When the kernel needs to perform a given operation on a given page of a process's address space, it can search the list of vm_area_struct's for the one describing the region containing that page. It can then extract the pointer to the vm_operations struct, and from that extract the function pointer to performthat operation.

The main component of the VM replacement mechanism is a clock algorithm. Clock algorithms are commonly used because they provide a passible approximation of LRU replacement and are cheap to implement. A clock algorithm cycles slowly through the pages that are in RAM, checking to see whether they have been touched (and perhaps dirtied)lately.

For this, the hardware-supported reference and dirty bits of the page table entries are used. The reference bit is automatically set by the PTE cache hardware whenever the page is touched---a flag bit is set in the page table entry, if the PTE is evicted from the PTE cache, it will be written back to its home position in the page table. The clock algorithm can therefore examine the reference bits in page-table entries to "examine" the corresponding page. The basic idea of the clock algorithm is that a slow incremental sweep repeatedly cycles through the all of the cached (in-RAM) pages, noticing whether each page has been touched (and perhaps dirtied) since the last time it was examined. If a page's reference bit is set, the clock algorithm doesn't consider it for eviction at this cycle, and continues its sweep, looking for a better candidate for eviction. Before continuing its sweep, however, it resets the reference bit in the page table entry.

Resetting the reference bit ensures that the next time the page is reached in the cyclic sweep, it will indicate whether the page was touched since _this_ time. Visiting all of the pages cyclically ensures that a page is only considered for eviction if it hasn't been touched for at least a whole cycle.

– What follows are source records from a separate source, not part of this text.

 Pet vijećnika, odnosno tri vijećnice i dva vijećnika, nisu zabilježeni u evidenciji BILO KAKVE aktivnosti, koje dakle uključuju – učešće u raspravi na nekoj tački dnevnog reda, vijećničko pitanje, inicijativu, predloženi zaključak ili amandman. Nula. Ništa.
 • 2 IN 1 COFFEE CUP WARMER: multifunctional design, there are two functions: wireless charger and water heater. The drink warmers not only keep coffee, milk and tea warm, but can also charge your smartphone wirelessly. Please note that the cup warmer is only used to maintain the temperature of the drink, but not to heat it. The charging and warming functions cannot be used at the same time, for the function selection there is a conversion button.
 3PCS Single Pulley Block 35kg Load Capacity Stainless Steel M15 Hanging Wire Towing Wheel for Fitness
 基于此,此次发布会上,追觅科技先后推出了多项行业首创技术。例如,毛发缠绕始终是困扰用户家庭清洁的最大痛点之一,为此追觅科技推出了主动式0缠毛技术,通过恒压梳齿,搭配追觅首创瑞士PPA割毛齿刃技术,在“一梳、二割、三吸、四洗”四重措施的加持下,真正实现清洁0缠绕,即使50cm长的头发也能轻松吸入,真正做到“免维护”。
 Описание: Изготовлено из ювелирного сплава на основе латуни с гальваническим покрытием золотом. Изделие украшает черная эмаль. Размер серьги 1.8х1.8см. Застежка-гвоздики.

The clock algorithm proceeds in increments, usually sweeping a small fraction of the in-memory pages at a time, and keeps a record of its current position between increments of sweeping. This allows it to resume its sweeping from that page at the next increment. Technically, this simple clock scheme is known as "second chance" algorithm, because it gives a page a second chance to stay in memory---one more sweep cycle.

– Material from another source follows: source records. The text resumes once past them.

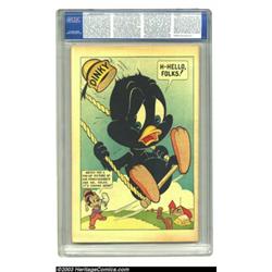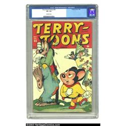 Terry-Toons Comics #44 (Timely, 1946) CGC VF+ 8.5 Off-white pages. Here he comes to save Animaltown -- it's Mighty Mouse in his sixth Terry-Toons appearance. He's ready to knock some sense into the Wolf, while Gandy Goose, Sourpuss, and others cheer him on. Hooray! This is a pretty copy, flat and tight, with great color. There's a few tiny stress lines around the single staple, and some slight rounding of the spine corners, but this copy still retains a fresh, clean look. Overstreet 2003 VF 8.0 value = $101; VF/NM 9.0 value = $133. Important notice: Heritage usually auctions material at the rate of 200-250 lots per hour. On some occasions eBay Live bid software or the Internet may not be able to keep up with the pace of the auction. We recommend placing a realistic absentee bid now as insurance to avoid disappointment. Occasionally the auctioneer may eliminate or reject an eBay Live bid, and the auctioneer may also reopen a lot after the close of the eBay live bidding (usually because we missed an audience bid), and may reject your bid even if it shows you as the winning bidder. By bidding via eBay Live, you agree that Heritage may award the lot to another bidder at its sole discretion under the circumstances described above or any other reasonable circumstances. Also please note that all Heritage lots purchased through eBay Live carry a 20% Buyer's Premium. Please make sure you read the Terms and Conditions before you bid.
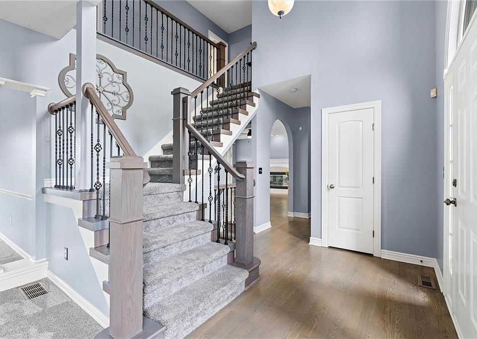 Take advantage of this great price improvement! This is a must see McGovern Built home in Stoney Creek. Settle into your new 5 bedroom, 4.5 bath home, offering ample space to host friends and family for all events. With updates throughout, you can enjoy modern amenities in a spacious and inviting setting. Hardwood flooring in the kitchen, dining and family room, plush new carpet on the main and lower level. The walk-out basement is the perfect spot to host all your favorite Kansas City sporting events featuring a wet bar for easy entertaining. Whether it's game nights or family gatherings, this home provides the perfect backdrop for making lasting memories. The open layout and well-appointed rooms offer plenty of space for relaxation and luxurious living. With its ideal location and ample features, this home is a true gem for those desiring both comfort and entertainment. Don't miss the opportunity to make this incredible property your new home sweet home!
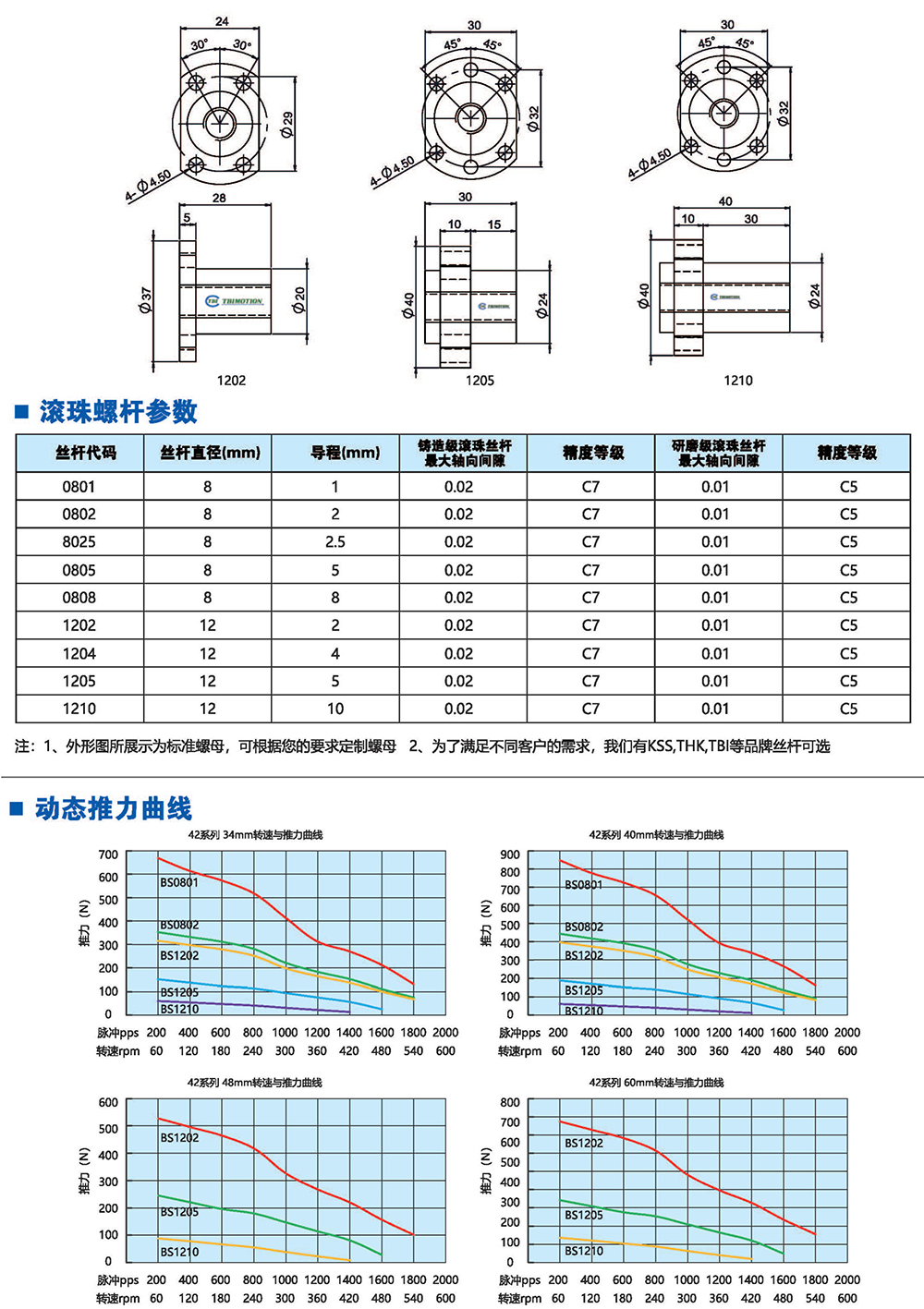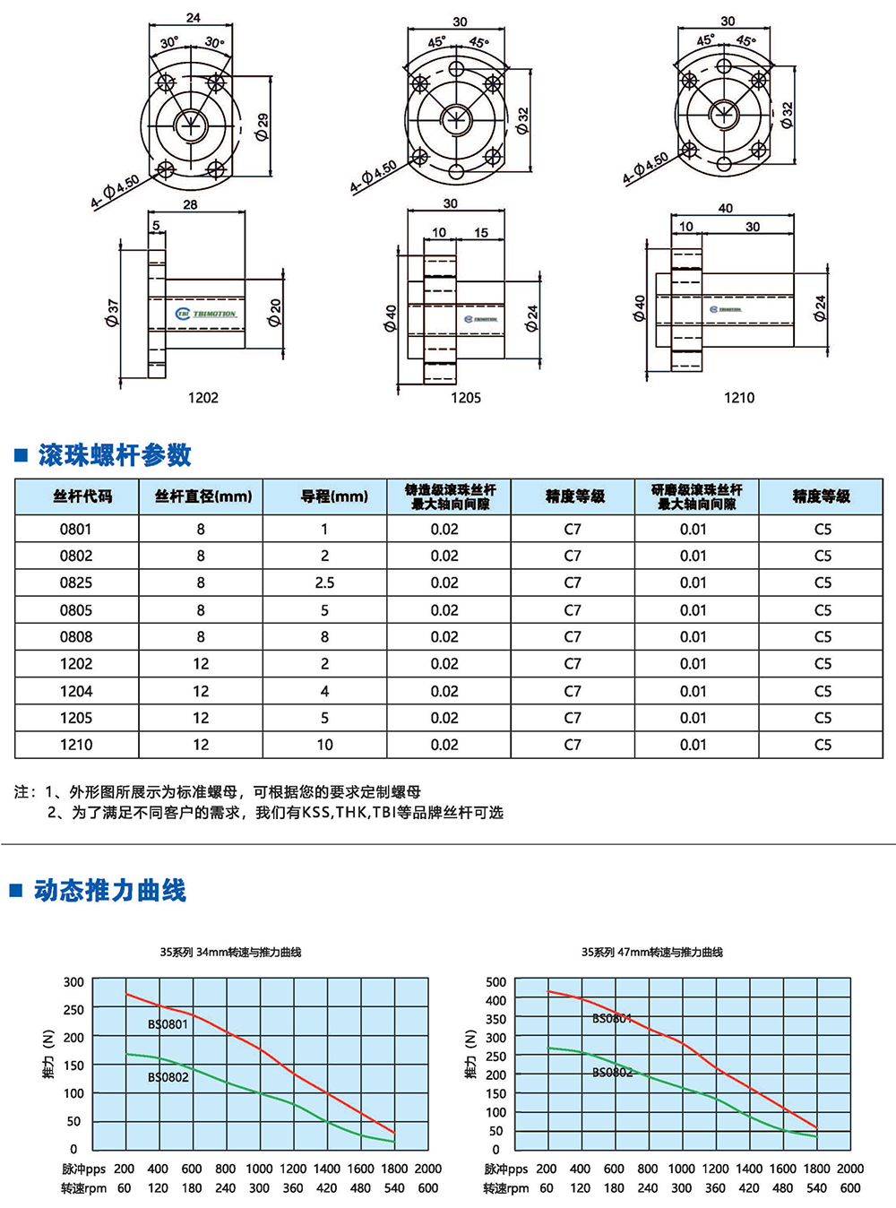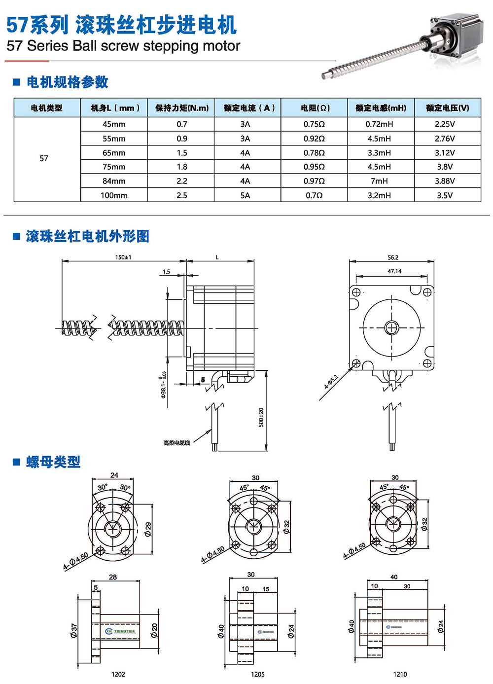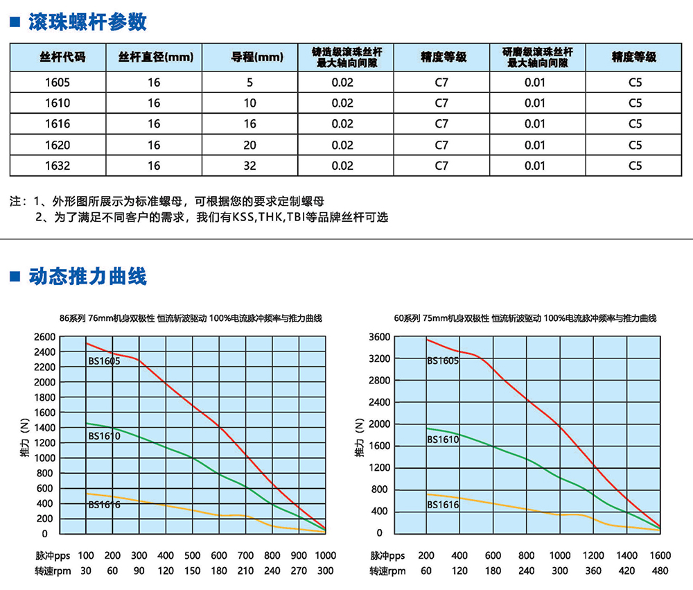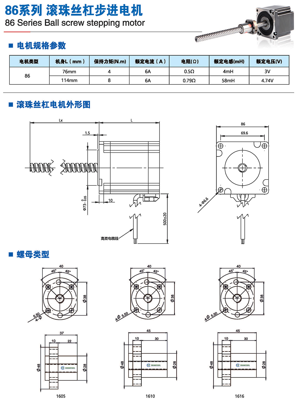 滾珠絲桿步進電機有六種尺寸,外形尺寸從14mm至86mm,滾珠絲桿電機為外部驅(qū)動式。 從0.005mm/步到0. 1mm/步,有多種步長可選。推力可達1600N,全系可 選配編碼器。

More refined versions of the clock algorithm may keep multiple bits, recording whether a page has been touched in the last two cycles, or even three or four. Only one hardware-supported bit is needed for this, however. Rather than just testing the hardware supported bit, the clock hand records the current value of the bit before resetting it, for use next time around. Intuitively, it would seem that the more bits are used, the more precise an approximation of LRU we'd get, but that's usually not the case. Once two bits are used, clock algorithms don't generally get much better, due to fundamental weaknesses of clock algorithms.

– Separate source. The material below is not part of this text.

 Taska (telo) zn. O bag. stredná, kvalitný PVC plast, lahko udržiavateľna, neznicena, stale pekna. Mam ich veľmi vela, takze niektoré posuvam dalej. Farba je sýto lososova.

Linux uses a simple second-chance (one-bit clock) algorithm, sort of, but with several elaborations and complications. The main clock algorithm is implemented by the kernel swap demon, a kernel thread that runs the procedure kswapd(). kswapd is an infinite loop, which incrmentally scans all the normal VM pages subject to paging, then starting over. Kswapd generally does its clock sweeping in increments, and sleeps in between increments so that normal processes may run.

Linux performs a clock sweep over the *virtual* pages, by cycling through each process's pages in address order. For this it uses the vm_area mappings and page tables of the processes, so that it can scan the pages of each process sequentially. Rather than sweeping through all of the pages of an an entire process before switching to another, the main clock tries to evict a batch of pages from a process, and then move on to another process. It visits all of the (pageable) processes and then repeats. The effect of this is that there is a large number of distinct clock sweeps, one per pageable proceses, and the overall clock sweep advances each of these smaller sweeps periodically.